9. A content understanding method, characterized in that, The method includes: Obtain the target data; The target data is subjected to content recognition by a second target model to obtain the content understanding result of the target data; wherein, the second target model is a model obtained by the method of generating a content understanding model based on any one of claims 1 to 8.
10. An apparatus for generating a content understanding model, characterized in that, The device includes: The determination module is used to determine the target configuration information; the target configuration information includes the pre-set model training mode, target data format, preprocessing parameters, and model processing parameters; The first acquisition module is used to acquire sample data based on the target data format; The first processing module is used to perform feature preprocessing on the sample data according to the preprocessing parameters to obtain sample features; to train a preset model according to the sample features and the model training mode to obtain a first target model; to perform preset model processing on the first target model according to the model processing parameters to obtain a second target model; the second target model is used to perform content recognition on the target data to obtain the content understanding result of the target data; The first processing module is further configured to determine at least one preset configuration information and a configuration method corresponding to each preset configuration information; wherein, the configuration method includes at least one of global configuration, task configuration and temporary configuration, the global configuration is a configuration shared by multiple target tasks, the task configuration is a configuration corresponding to one target task, and the temporary configuration is a configuration temporarily set by the user before or during the execution of the target task; and to determine the target configuration information from the at least one preset configuration information according to the priority of the preset configuration method.

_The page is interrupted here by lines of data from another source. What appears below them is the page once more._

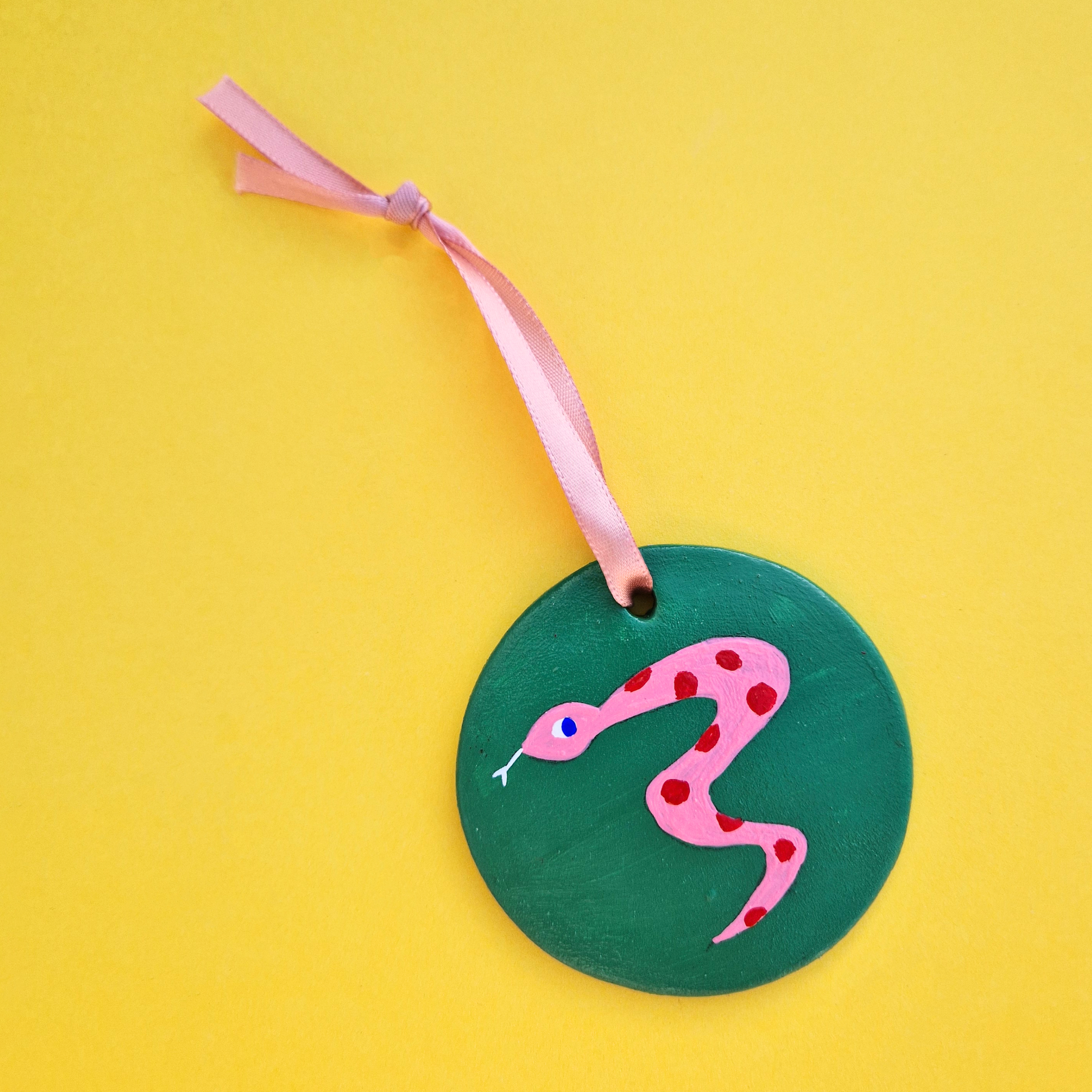 Χειροποίητο Χριστουγεννιάτικο Κεραμικό Στολίδι Πράσινο με Ροζ Φίδι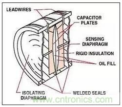 差动电容式压力传感器的受压膜片电极位于两个固定电极之间,构成两个电容器。在压力的作用下一个电容器的容量增大而另一个则相应减小,测量结果由差动式电路输出。它的固定电极是在凹曲的玻璃表面上镀金属层而制成。过载时膜片受到凹面的?;ざ恢缕屏选2疃缛菔窖沽Υ衅鞅鹊サ缛菔降牧槊舳雀?、线性度好,但加工较困难(特别是难以保证对称性),而且不能实现对被测气体或液体的隔离,因此不宜于工作在有腐蚀性或杂质的流体中。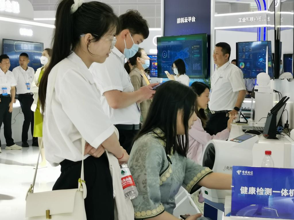圖為觀(guān)眾正在試用健康檢測一體機。新華社記者劉惟真 攝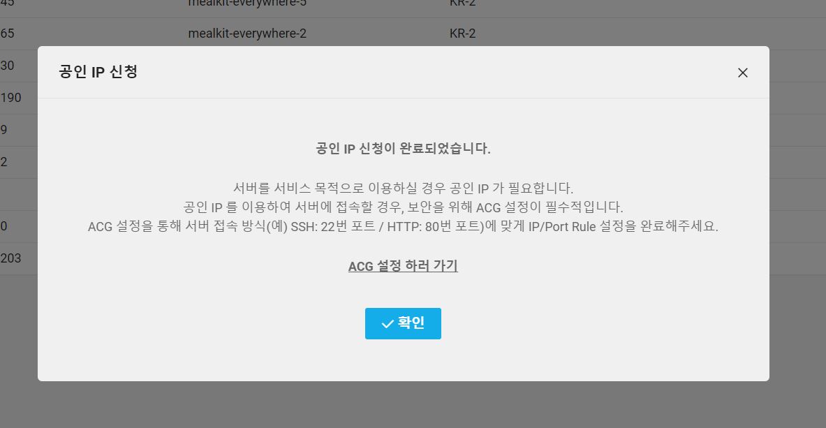 서버 관리 및 설정 변경 -> 공인 IP 설정 변경을 클릭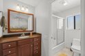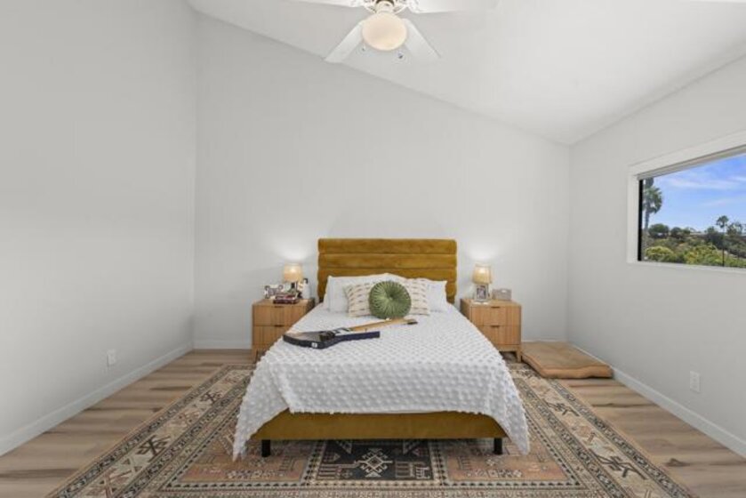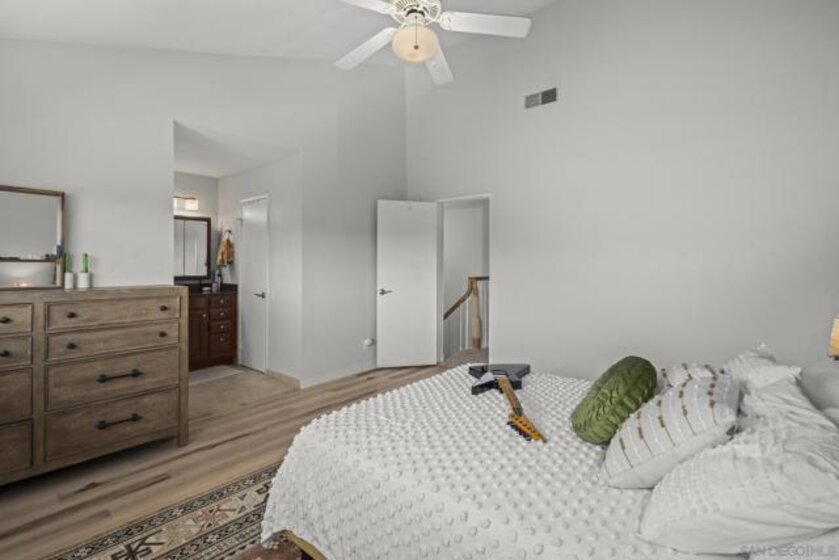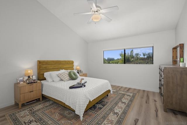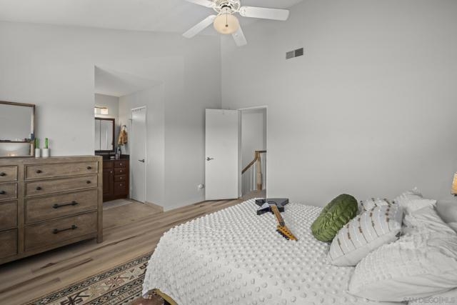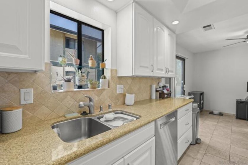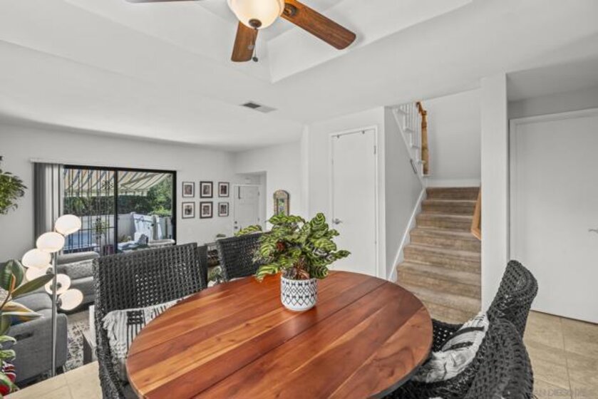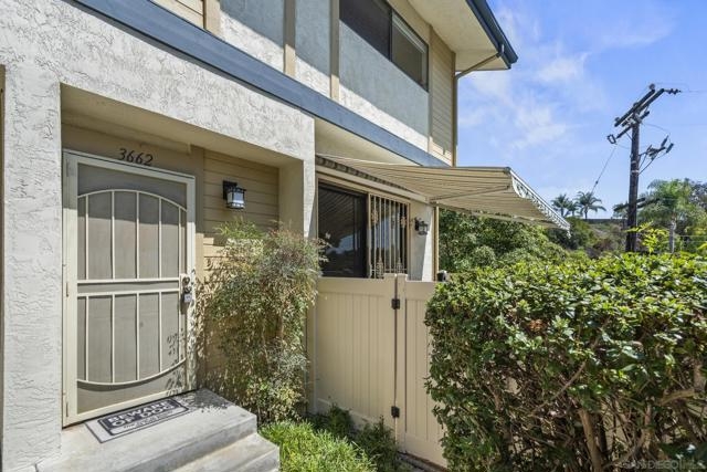 Welcome home to an idyllic setting at the end of a cul-de-sac. This tucked away secret is situated in the heart of Linda Vista and offers an ideal Centre city living experience. Located just minutes to Mission Valley, Clairemont, and Kearny Mesa shopping, restaurants and amenities, this location is convenience defined! The home is an elegant townhome boasting flair, sensibility and exceptional function! As arguably the premier end unit of the entire community, the uninhibited western exposure provides wonderful open treetop views, and a sun-drenched experience for the entire home. The living room flows onto a wonderful front terrace retreat, which screams entertainment or complete detachment, you pick. Generous sized living and dining rooms give you plenty of space to spread out and live comfortably, complete with fireplace and powder room. *See Supplement for Details* The galley kitchen is complete with a great space for home office, as it’s currently utilized, or a cute breakfast nook with back balcony. Upstairs both bedrooms have had new Coretec LVP installed, plus the window treatments have been upgraded with Veneta window blinds. Each room is spacious, and it truly is a dual primary bedroom setup with en-suites for each. They both feature soaring ceilings which create a much larger feel. Not to be missed is a very functional laundry room that boasts side-by-side laundry set up. On the lowest level is what can only be termed a grand garage for this kind of property type and price. It is fixed with extensive wall mounted tall storage cabinetry. But that’s not all! This unit has an additional bonus room that you almost NEVER find anywhere. Although currently used for storage, this could easily be repurposed for an office, workshop or craft room. Please note it is not part of the square footage listed and is a big bonus! The community of Hidden Canyon truly is hidden. It’s just down from Mesa College and unless you knew about it from a friend, chances are you would never know it existed. The complex is unique in that it features well-spaced buildings, has an amazing green space between the buildings and offers a beautiful pool and spa facility. This PUD community truly stands out in front… but still hidden…

11. A content understanding device, characterized in that, The device includes: The second acquisition module is used to acquire target data; The second processing module is used to perform content recognition on the target data through a second target model to obtain the content understanding result of the target data; wherein the second target model is a model obtained based on the method for generating a content understanding model according to any one of claims 1 to 8.
12. A computer-readable medium having a computer program stored thereon, characterized in that, When the computer program is executed by the processing device, it implements the steps of the method according to any one of claims 1 to 8, or when the computer program is executed by the processing device, it implements the steps of the method according to claim 9.
13. An electronic device, characterized in that, include: A storage device on which computer programs are stored; A processing apparatus for executing the computer program in the storage device to implement the steps of the method according to any one of claims 1 to 8, or to implement the steps of the method according to claim 9.